Ей давалось право на счастье. Более того, это счастье и было залогом ее личного вклада в дальнейшую судьбу Галактической Республики, невзирая на все препятствия для их с Энакином любви. Но ей было также сказано, чем она должна будет за это заплатить - недолговечностью этого самого счастья. Мелькали, словно вспышки, картинки ее жизни - той, будущей, которую она еще не знала.
Солнечные блики на изумрудных волнах у берегов Варикино, которые она видит сквозь плотные кружева свадебной вуали... Блики падают не только на воду, но и на зелень листвы над головами священника и новобрачных, и на руку Эни, которая отсвечивает странным металлическим блеском.
Пылающее тревогой лицо Энакина, который рассказывает ей о своих снах-видениях. Смятые простыни их широкого ложа.
Чудовищный по силе невидимый захват на ее горле. Багряные пейзажи Мустафара, погружающиеся во тьму перед ее меркнущим взором.
Блеск аппаратуры в медицинском центре на астероиде. Писк новорожденного младенца.
Ее собственные руки, сложенные на выпирающем вверх животе и крепко сжимающие амулет из татуинского ореха. Это явно не ложе в храме Древних - она, вся убранная белыми цветами, плывет посреди огромной толпы.
А вот это - совершенно точно ложе в храме Древних. Все тот же амулет в крепко сжатых руках, но вместо синих складок незнакомого наряда - обычная церемониальная одежда, расшитая золотом. Живот не выпирает, он привычно плоский. Удобно уложена на изголовье прическа в форме конуса. Нитки белых бусин, перевивающие ее, кажутся фиолетовыми из-за отсветов полосок на потолке. Но вот фиолетовый отблеск сменяется голубым...
Падме открыла глаза и увидела потолок, весь в паутине светящихся голубых полосок. Поднявшись с ложа, она пошла через зал к коридору - медленно, опустив голову, точно боясь расплескать полученное знание. У самого выхода, спохватившись, торопливо спрятала в карман амулет с Татуина.
За раздвинувшимися створками храмовых врат сияло утреннее солнце. Старый гунган, клевавший носом, поднялся ей навстречу с ближайшего большого валуна.
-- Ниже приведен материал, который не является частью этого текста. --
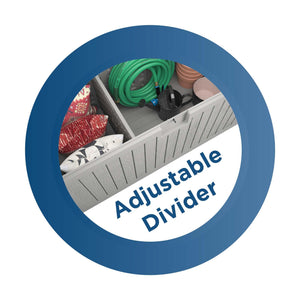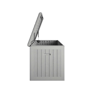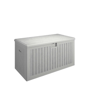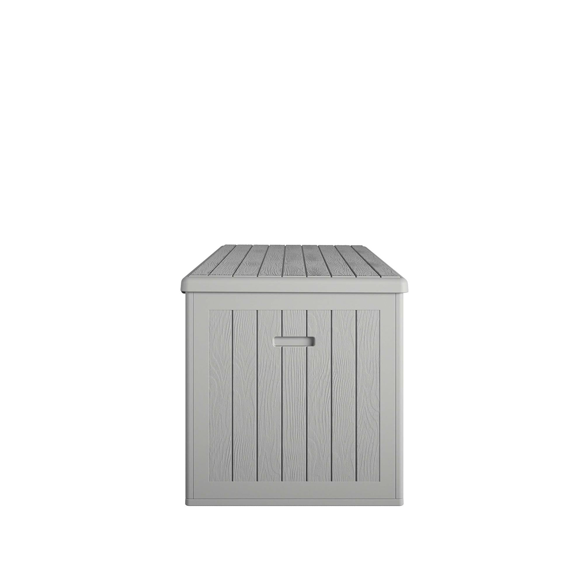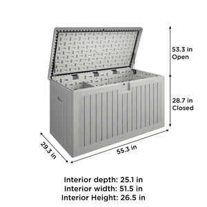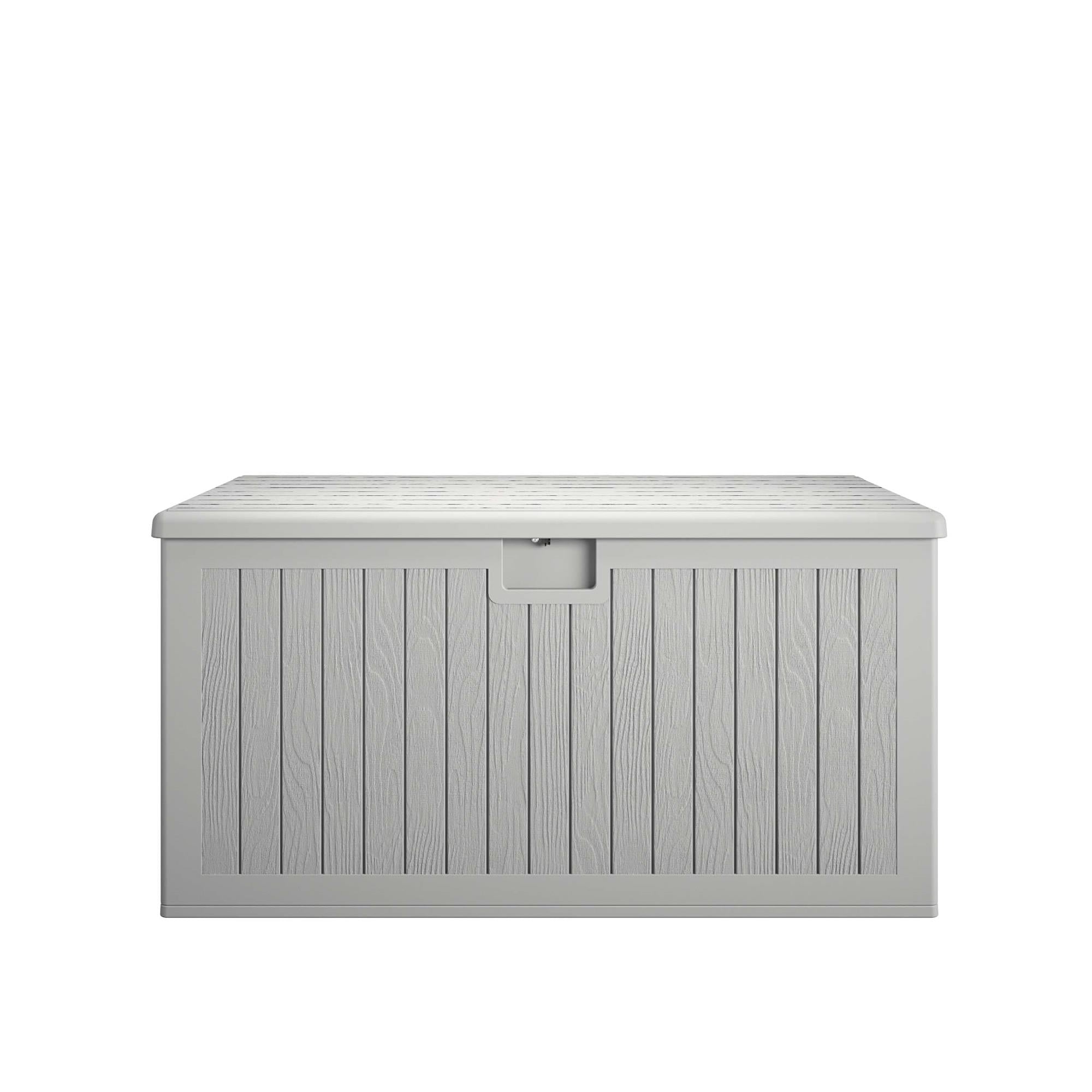Rest easy knowing that your valuable outdoor furniture and accessories are carefully preserved in this COSCO Large 150 Gallon Outdoor Storage Box. Trust this all-weather storage solution to safeguard your comfy cushions from the outdoor elements while also providing innovative organization for everyday use. With its large interior and included storage divider, it can easily store large cushions, garden tools, sports equipment, pool supplies, and much more! Built using durable and weather resistant resin, this storage box comes in a classic gray wood-grain finish to match any outdoor aesthetic. Features a gas hinge design that will hold the lid of the storage box open and allow for easy opening and closing of the lid. Manufactured with a lock-design to keep your valuables safe (lock sold separately). Easy to assemble with simple instructions and all necessary tools provided . Once assembled, this storage box is ready to serve all of your storage needs.
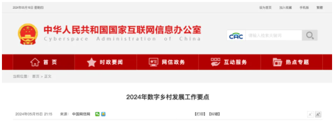 中央網(wǎng)信辦、農(nóng)業(yè)農(nóng)村部、國家發(fā)展改革委、工業(yè)和信息化部近日聯(lián)合印發(fā)《2024年數(shù)字鄉(xiāng)村發(fā)展工作要點(diǎn)》,要求以信息化驅(qū)動(dòng)引領(lǐng)農(nóng)業(yè)農(nóng)村現(xiàn)代化,促進(jìn)農(nóng)業(yè)高質(zhì)高效、鄉(xiāng)村......
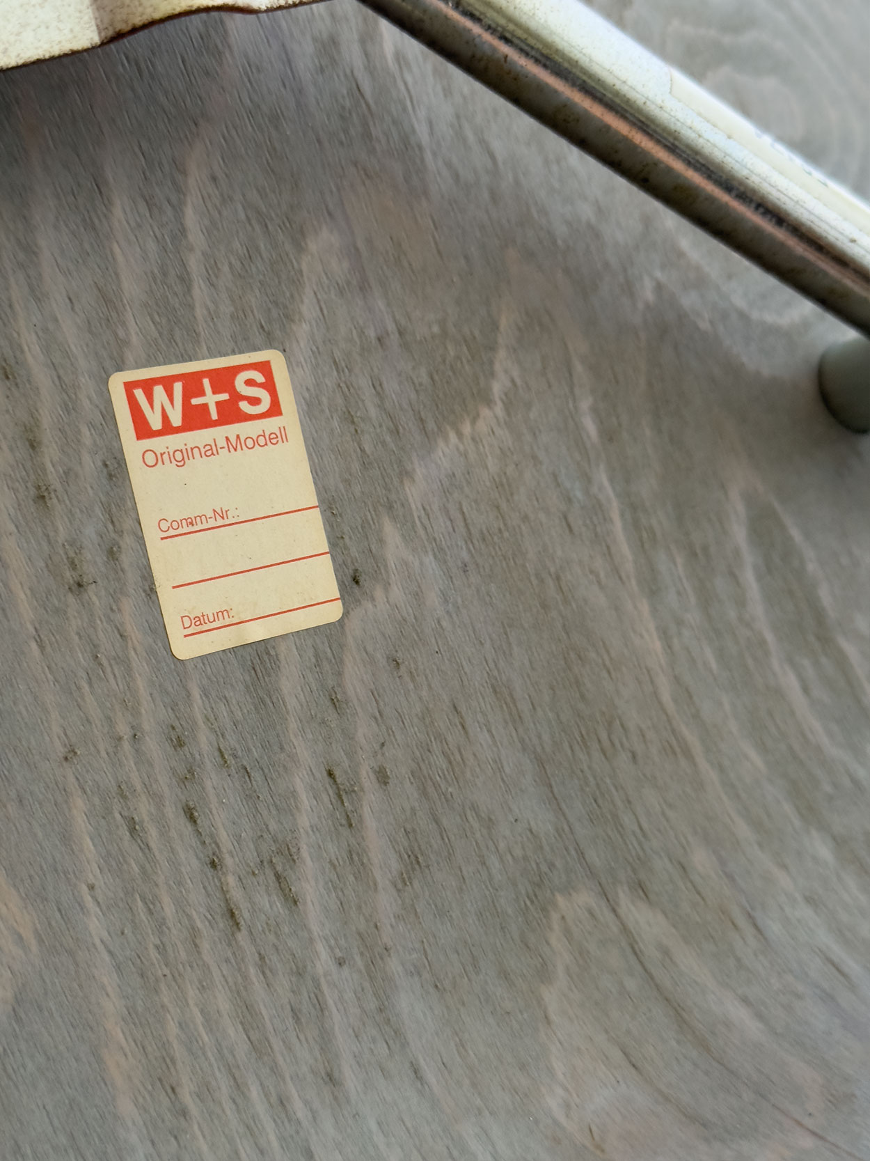Krzesło SE 68, projekt Egona Eiermanna z 1951 roku, wyprodukowane przez Wilde + Spieth w Niemczech. Model sygnowany, w rzadkim i oryginalnym wybarwieniu – siedzisko…

Поодаль, привалившись к таким же большим валунам и тесно прижавшись друг к другу, спала на пожухлой траве сенаторская свита. Мотие положила голову на колени Элле. Корде и во сне держала за руку Версе. А Дорме устроилась, кажется, удобнее всех - она свернулась клубочком на траве, подложив голову под руку.
Но когда Падме переступила порог храма и вышла наружу, именно Дорме вздрогнула и, пробудившись, первой вскочила на ноги. Сенатор Амидала в который раз поразилась ее обостренным чувствам. Ведь врата храма открылись и закрылись абсолютно бесшумно. Ступала Падме, в своей мягкой обуви, тоже беззвучно. Да и со старым проводником она не перемолвилась ни словечком. Что же тогда услышала Дорме? Неужели шелест сухой травы под ступнями гунгана? Или шорох тяжелых одежд госпожи? И как быстро она перешла от сна к яви! Что ж, не случайно Дорме возглавляет свиту: у этой девушки наиболее сильно развито чувство ответственности. При том, что и остальные четыре ей ненамного уступают.
Когда Падме подумала об этом, ей стало как-то легче на душе - словно исчез ненадолго тот камень, что лег ей на сердце сегодняшней ночью в храме. Пока есть те, на кого она может положиться, стоит идти дальше. Что бы там ни ждало впереди.